I'm building a simple forum for my product. I want to give users a text area to enter their posts or comments.
- I'd like to allow basic text formatting HTML and links - like p, a, b, i
- Don't want any other html styling - i.e. div, span, etc. etc.
- Don't want any scripting access
Is there a clever way to do this? I could, for e.g., allow unsafe text and examine it on the server side but I doubt I'd be able to clean it up correctly and might open security holes.

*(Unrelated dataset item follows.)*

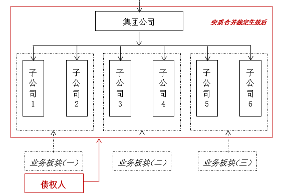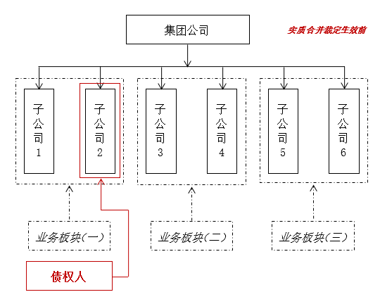 根据《破产审判纪要》、图1及上图(以下简称“图2”)所示,在集团公司整体实质合并破产裁定作出前,债权人对集团公司在合并破产裁定生效前的下属业务板块(一)中的子公司2享有债权。在集团公司整体实质合并破产的裁定作出前,子公司2的全部资产,由债权人、其他债权人及股东一道共同享有对子公司2破产财产的请求权/剩余请求权,股东的剩余请求权作为劣后权利为债权人及其他债权人提供内部増信担保。而在实质合并破产裁定作出后,由于整个集团公司的实质合并,导致债权人对子公司2的债权变成了对实质合并破产主体的债权,相应的原由债权人和其他债权人在子公司2破产财产范围内享有的较子公司2股东(既集团公司)优先分配的权利“重组”为由债权人和集团公司合并财务报表范围的其他全体债权人在集团破产财产的范围内与集团公司股东一道对实质合并破产主体的破产财产享有请求权/剩余请求权,集团公司实质合并后股东的剩余请求权作为劣后权利为债权人和集团公司合并财务报表范围内的全体债权人提供内部増信担保。

Preferably want to avoid heavy duty plugins.
Thanks!
(PS - my worst fallback is that I allow safe text only, i.e. keep the ASP.NET security on, and then use a special markup for links - like [link] [b] [i])
No matter what approach you use, you need to assume everything entered into the field is malicious, i.e. don't trust any data.
I wouldn't bother too much with any client validation in JavaScript/jQuery. It'll be complex and only need to be redone server side.
Server side you want to take a whitelist approach, i.e. if it's not on the list, it's invalid. You wouldn't be able to use a XML processor because the user's text may not result in valid XML, instead you'd probably want to use a regular expression.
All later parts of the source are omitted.